The 17-mile trail to Sespe Hot Springs starts at Lion Camp at 3,000 feet, 20 miles northeast of Ojai on Rose Valley Road, and meanders down through a broad canyon. If it’s a hot day, you can take a plunge in a sandy-bottomed pool nestled between water-sculpted rock outcroppings about four miles down the trail. A mile farther the canyon deepens and Bear Creek boosts the Sespe’s
flow. From here the trail crosses an ever-growing Sespe six times. You can either push on to the hot springs in one day or lay over in one of many campsites along the way; good bets are the old Willett Ranch homestead, at the nine-mile mark, or Ten Sycamore Flat, about ten miles from Lion Camp. The pools at Sespe Hot Springs descend a side canyon from a fissure that gushes
210-degree water; even though this blast blends with the cool creek, bathers occasionally get burned, so test it carefully before jumping in.

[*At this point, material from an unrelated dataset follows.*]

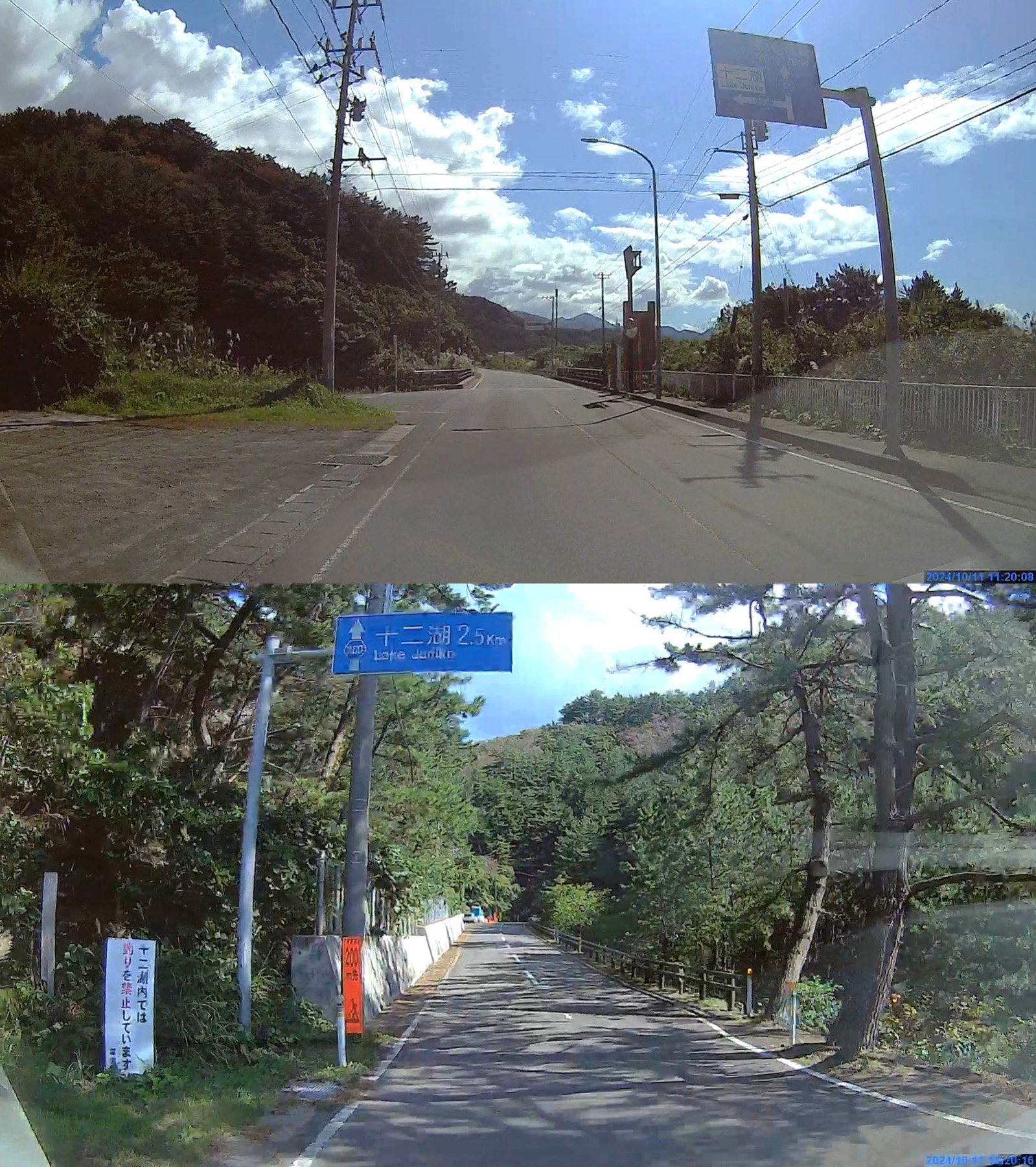 ![]() 引き続き十二湖に向かって走っていたらナビが左に入れと言うので入ったのですが・・・。とんでもなく狭い道でした。 十二湖へ向かう山道かと思ったら違いました。道を間違えたのかなと後でドラレコ映像を確認しましたが、「斜め左方向です」としっかりアナウンスしてました^^。 |

If it’s views you’re after, head to the top of 7,255-foot Pine Mountain and adjacent Reyes Peak, where you can see all the way to the Channel Islands off Santa Barbara. From the trailhead at the end of Pine Mountain Road, off California 33, the Reyes Peak Trail skirts the ridge between the two summits, alternating stretches of pine-shaded forest with precipitous views of the
upper Sespe watershed. After about three miles the trail descends steeply, switchbacking until it reaches Haddock Camp, a primitive campground among the ponderosa pines that line the headwaters of Piedra Blanca Creek. Most campers hike back to the trailhead after a short stay, but the trail continues another nine miles down to Lion Camp, leaving the possibility open for an
all-downhill trek if you shuttle.

On the opposite end of the Sespe Wilderness, the lower gorge is the roughest river canyon you’ll find in southern California. The trail begins on Goodenough Road about 13 miles north of Fillmore and runs ten miles along a ridge before dropping steeply into Alder Creek Canyon. When it heads over another ridge toward the hot springs, forgo the trail and keep following the creek
as it spills through an alder- and sycamore-lined canyon and catapults through a stair-stepped mile of boulders the size of houses, hemmed in by hundred-foot cliffs. A mile farther you reach the Sespe in the shadow of 5,203-foot Devils Heart Peak. The large sandbar here is a great campsite, with wild cherries growing on the opposite bank across a 50-foot-wide swimming hole. (There
are lots of black bears here, so hang your food.) Downstream, the canyon quickly narrows, eventually becoming impassable to all but the most aggro hikers who’re willing to climb over huge boulders and swim through narrow pools–only to have to turn around and do it all again.

Backcountry permits aren’t required in the Sespe Wilderness, but you’ll need a fire permit, which you can pick up at the Ojai Ranger Station (805-646-4348). The nearest outdoor gear store is the Great Pacific Iron Works in Ventura (805-643-6074), 18 miles south of Ojai. Both the Ojai Ranger Station and Great Pacific Iron Works sell the maps you’ll need: the Los Padres National
Forest map and USGS 7.5-minute quads of Devils Heart Peak, the Topatopa Mountains, and Lion Canyon ($2.50 each).

If you’d rather be guided into the Sespe, call Tony Alvis, founder of Los Padres Wilderness Outfitters (805-648-2113), who’s been running oneto five-day horse-and-mule trips there ($110-$125 per person per day) since the early seventies–when this part of the Sespe was still a proposed dam on some engineer’s drawing board.